Aarav Sen never imagined his life would end quietly. People always expect death to be loud—accidents, hospitals, flashing lights—but for him, it arrived as softly as everything else in his life had: silently, unnoticed, and almost politely.

He lived in a cramped rented room in a rundown building. The walls were stained, the ceiling fan clicked every few seconds, and the window had been jammed shut for months. He sat on his thin mattress that night, staring at a bowl of instant noodles that tasted like disappointment. His phone buzzed in his hand with yet another job rejection. The same phrases stared back at him: "We regret to inform you…" and "We cannot consider your application at this time."

His bank balance had dropped to ₹62. His landlord had called three times earlier. His boss at the part-time shop had cut his hours again. Life wasn't cruel—it was tired of him.

Aarav leaned back against the cold wall, exhaling softly. There was no anger left in him, no frustration. Just a kind of numbness that made everything feel blurry. Depression isn't dramatic; it's quiet and suffocating. He felt like he had been drowning slowly for years, and tonight, he simply stopped kicking.
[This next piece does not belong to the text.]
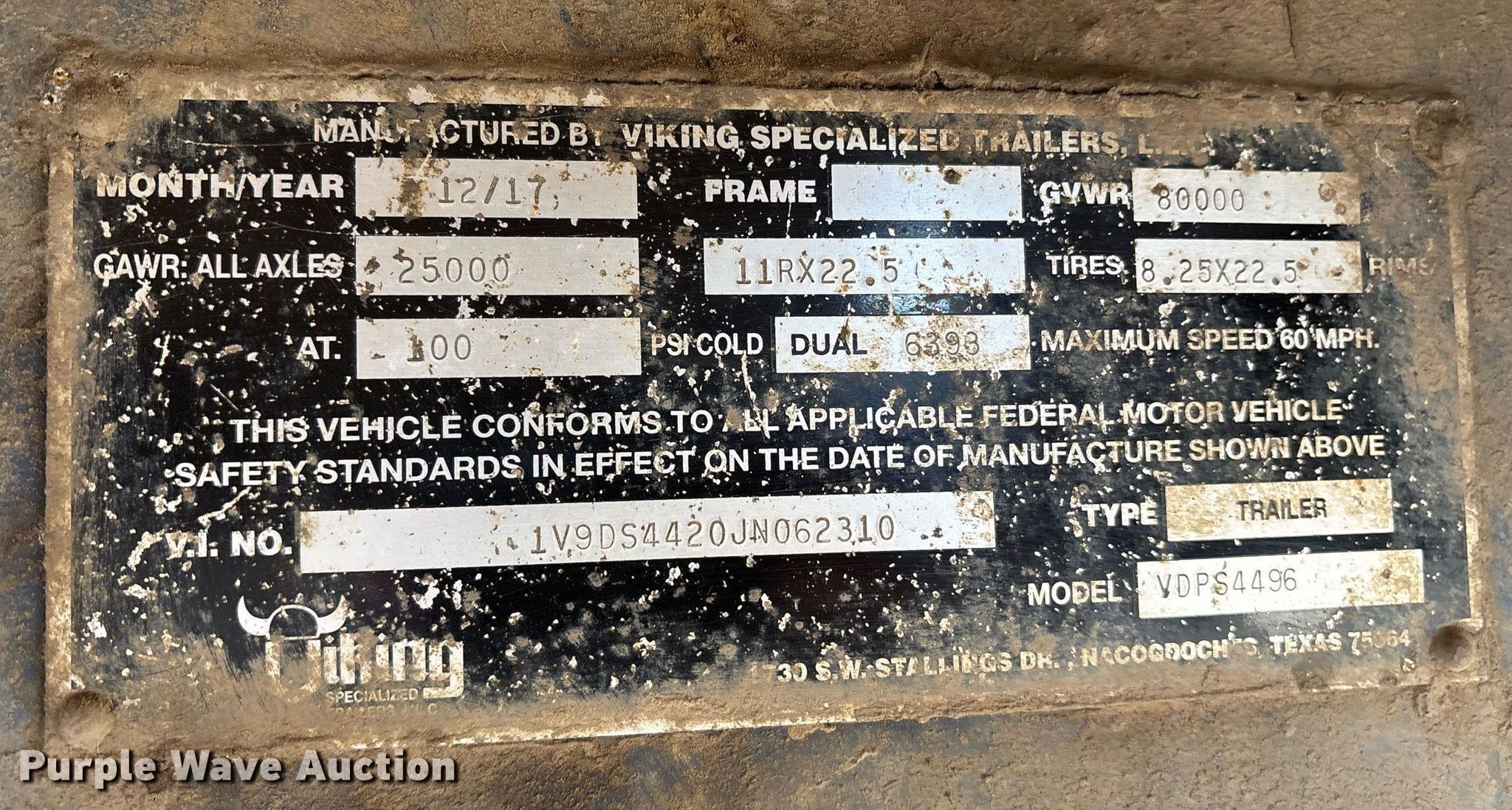 Purple Wave is selling a used Flat or Drop Deck Trailer in Arkansas. This item is a 2018 Viking VDPS4496 drop deck trailer with the following: VIN: 1V9DS4420JN062310, Unit #: T1693

A strange heaviness spread through his chest. At first, he thought it was just hunger or stress, but the pain sharpened until even breathing felt difficult. His fingertips went cold. His vision dimmed. His pulse stuttered like a dying engine.

No one was there to help. No one would notice if he was gone. And in his final moments, he didn't scream or fight. He simply whispered in his mind, almost like a prayer to no one in particular: "If there's a world where I can rise… a world where I'm not useless… let me go there."

His heart stopped. His eyes closed. And the world he had once belonged to forgot him.

But death wasn't the end.

Something pulled him, as if an invisible hand had reached into the darkness and lifted him out of the broken shell of his human body. He floated weightlessly in an endless void. There was no light, no sound—just a vast, cosmic silence that felt older than time itself.

Then a crack of violet light split through the darkness, opening like a rip in existence. Without choice or resistance, he was dragged through it.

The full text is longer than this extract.